Psalm 31: My Times are in His Hands

It was about noon and the sun should have been high in the clear sky, but instead the land was covered in darkness. Standing in the distance I could tell accusations and taunts were being hurled at the man on the cross. Unlike others I had seen crucified, this man was different, at least he behaved differently for he did not respond to any of the vile cries. I moved closer.

“You think you are god? Then save yourself!” one man yelled at him.

Though he was high in the air, many tried to spit on him, their best attempts landing on his bloody feet.

“Save yourself and us if you are so almighty important!” one of the men hanging near him had joined in on the taunting.

In spite of all the taunting, he held himself quiet. There were times he spoke quietly to a group of women huddled nearby and cried with them, and here were times he ignored them, looked up, and cried.
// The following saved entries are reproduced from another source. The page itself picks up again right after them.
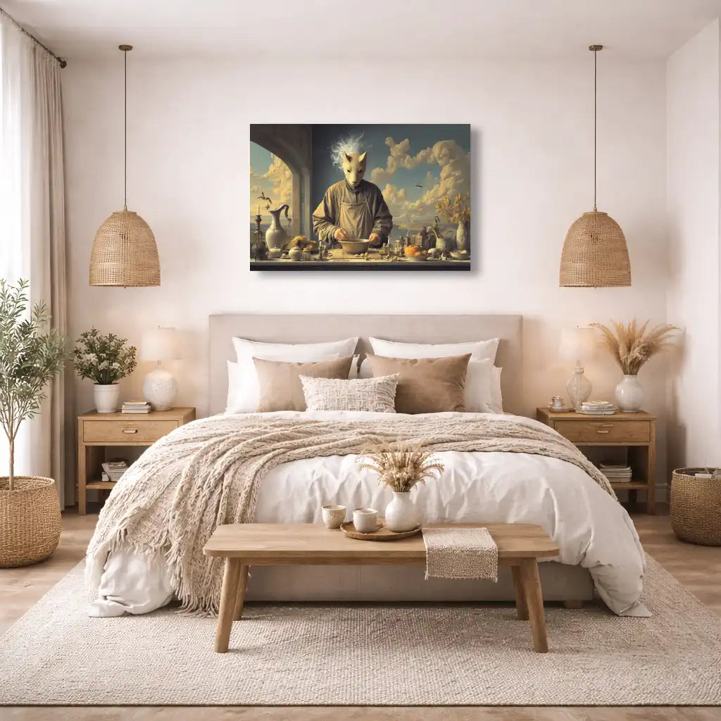 Au centre de ce Tableau surréaliste Alchimiste au Masque de Chat, une silhouette mystérieuse se tient derrière un long établi, concentrée sur un bol comme sur un rituel secret. Son visage disparaît derrière un masque de chat ivoire d’où semble jaillir une aura lumineuse, soulignant le caractère ésotérique de la scène. Autour de lui, flacons, bougies, théières, citrouilles et objets précieux composent une nature morte foisonnante, tandis qu’un ciel de nuages dorés s’ouvre en arrière-plan, traversé par quelques oiseaux.
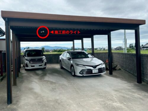 現場を確認した時の写真がこちらです。立派なカーポートに対して、ライトが1台だけ。
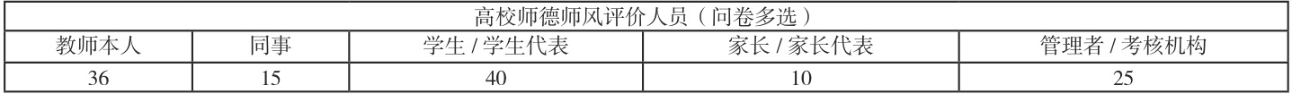 3. 师德师风评价存在的问题。2021 年,李刚基于四川省的实证调查发现,高校师德师风建设评价体系存在下列问题:评价体系公平但仍存在结果不实现象、评价导向清晰但效能不佳、评价体系满意度较高但标准单一。2023 年,王俊等人研究发现,高校师德师风评价问题主要表现在以下几个方面:评价理念的时代性与引领性不足、评价指标过于笼统、定性、定量评价未能有效统一、评价主体构成科学性不足。

But his tears did not appear to have been borne out of his own pain for it seemed that somewhere, deep down inside of him, he felt compassion on those around him. He wept because of their vile curses. He wept because of their ignorant rants. He wept because he knew they did not know what they were saying.

The last thing I remember about him before he died was the look on his face as he glanced to the heavens and said, “Father, into your hands I commit my spirit.” I still don’t fully know what he meant, but I think I know what he was feeling, for his face told a story of complete trust in the midst of utter abandonment. This was a man, for whatever reason, who had found himself betrayed by people (I found out later it was one of his closest companions) and condemned to die by the religious leaders on the basis of false charges. Most people in the city knew he had been a teacher of love, bringing aid to the downcast, and not an insurrectionist. I know he also taught many other things, most far beyond my ability to understand, but for all I could tell, he was a good man who had been unjustly treated by those in power; but he challenged the elite, and that was enough to condemn him.

My friends and I often went to the crucifixions, but that day as I left the hill of death, I vowed never to return to that place. I realized that day it was wrong taking pleasure in the deaths of others, even if they might deserve it. Love does not seek the harm of others, it doesn’t rejoice in someone’s downfall; rather it seeks to understand and finds ways of helping. I, of all people, should have understood that. My friends and family were not part of the Jewish elite; we were not part of the Roman occupation; we were just second-rate citizens with a long history of being trampled down for no reason other than our station in life.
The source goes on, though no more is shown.